1. Examine available examples of liverworts, noting the flattened gametophyte (1n) and rhizoids.

2. Look for gemmae cups on the thallus (leaf-like) surface which contain flat disks of green tissue called gemma. The gemma are a means of asexual reproduction in liverworts. Gemma are washed out of the gemmae cups when it rains and grow into new genetically identical liverworts.

3. Look for the stalked umbrella-like structures sticking up. Unlike in the mosses, the structures sticking out of the gametophyte generation are not the sporophyte. These umbrella shaped structures are specialized parts of the gametophyte. Two types are formed, one that will form antheridia (sperm sacs), the other will form the archegonia (egg sacs).

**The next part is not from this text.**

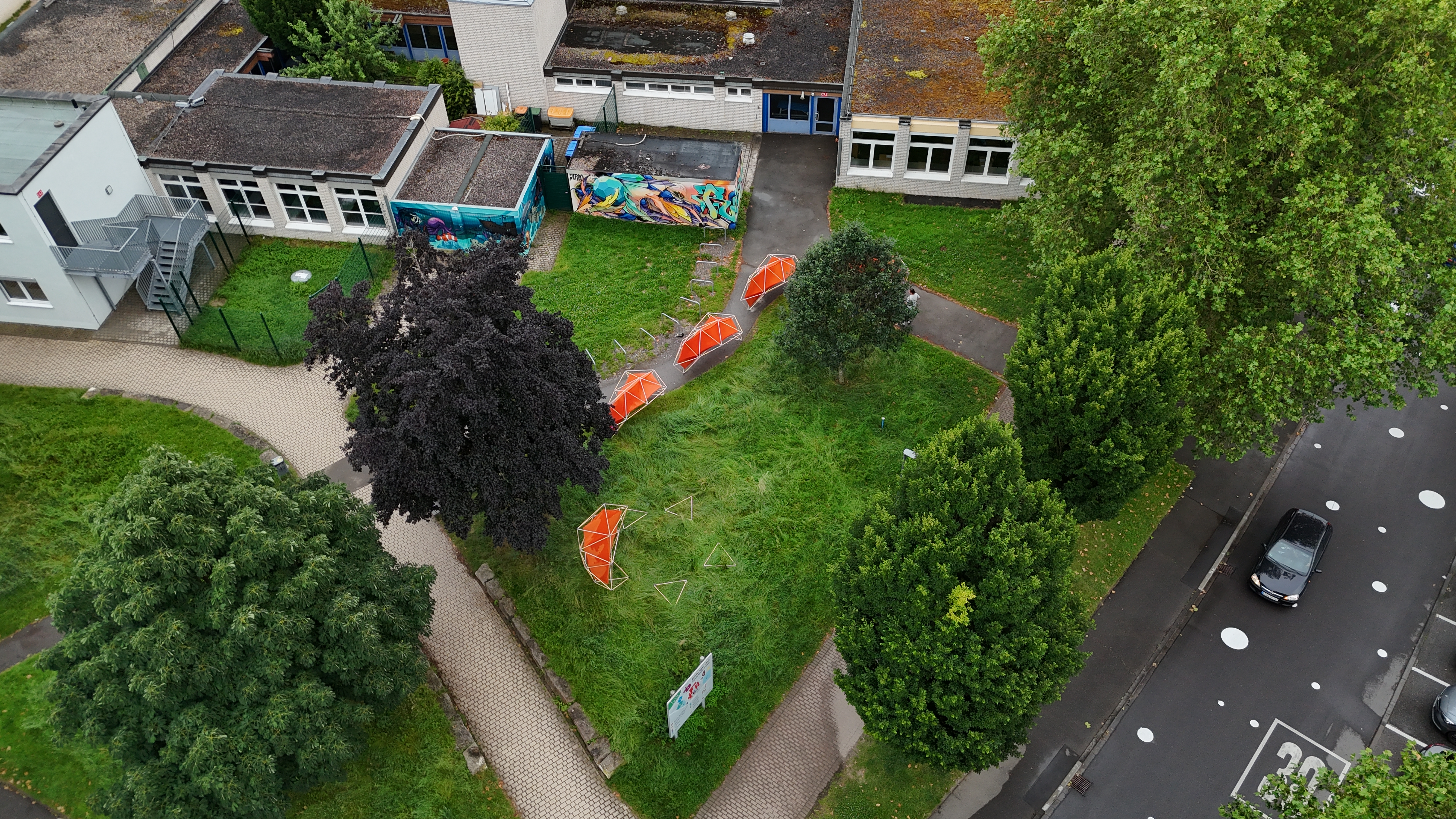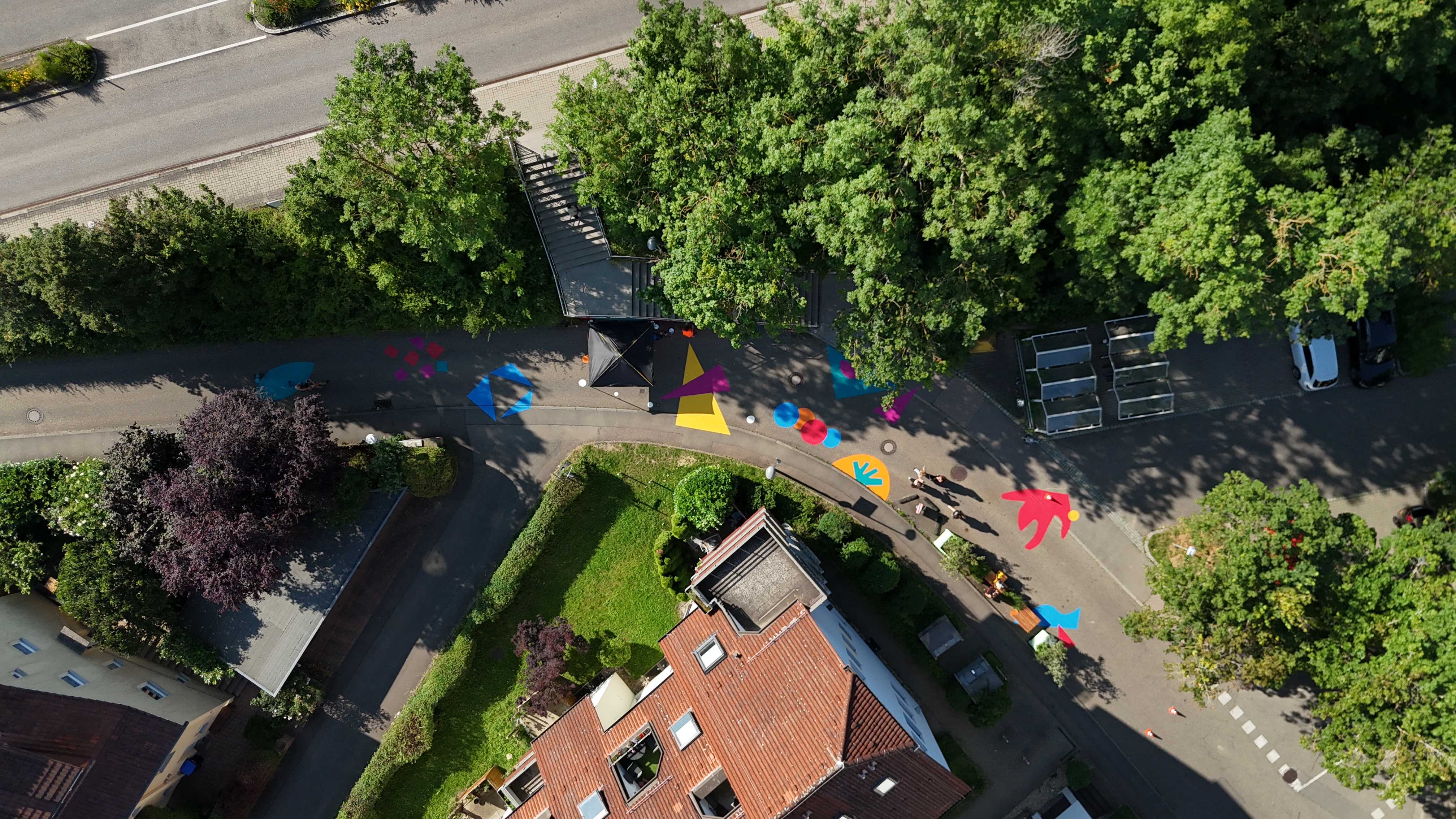 In diesen letzten Stunden ist die Arbeit in vollem Gange: Molly gestaltet die letzten bunten Formen und camposaz und die Biberacher Studenten stellen die urbanen Elemente fertig.

4. Examine the underside of a "leaf" and locate stomata. Stomata are holes into the plant that allow for gas exchange.

B. The Sporophyte (2n) Generation Of Liverworts

5. Unlike the relatively large moss sporophyte, the sporophyte in liverworts is microscopic and retained on the female umbrella-like sporangium. Look for sporophytes (2n) in the prepared slides available, your textbook or online.

6. Label the liverwort figure with the following (gametophyte (1n), the sporophyte (2n) gemmae cups) Note the location of the male and female gametes (i.e. sperm and egg) on the umbrella-like structures and (label the antheridia and the archegonia).

7. Examine prepared slides of liverwort antheridia and archegonia and locate the sperm and the egg. Note the differences in appearances

Lab 10: Bryophytes 7 Questions

1. Compare and contrast the sporophytes of mosses and liverworts.

2. What is the function of the rhizoids present in non-vascular plants?

3. What adaptations do non-vascular plants have for their particular habitats? i.e. How do they survive outside the water?

4. What is a protonema? How would you tell a protonema from green algae? (see green algae figures online vs. a protonema)

5. You have now finished a survey of the Kingdom Plantae. What are some major trends in the evolution of land plants? Review your Plant Forms Table: (How does alternation of generation compare for each group? How do the appearances of true organs stems, leaves and roots relate? Etc.)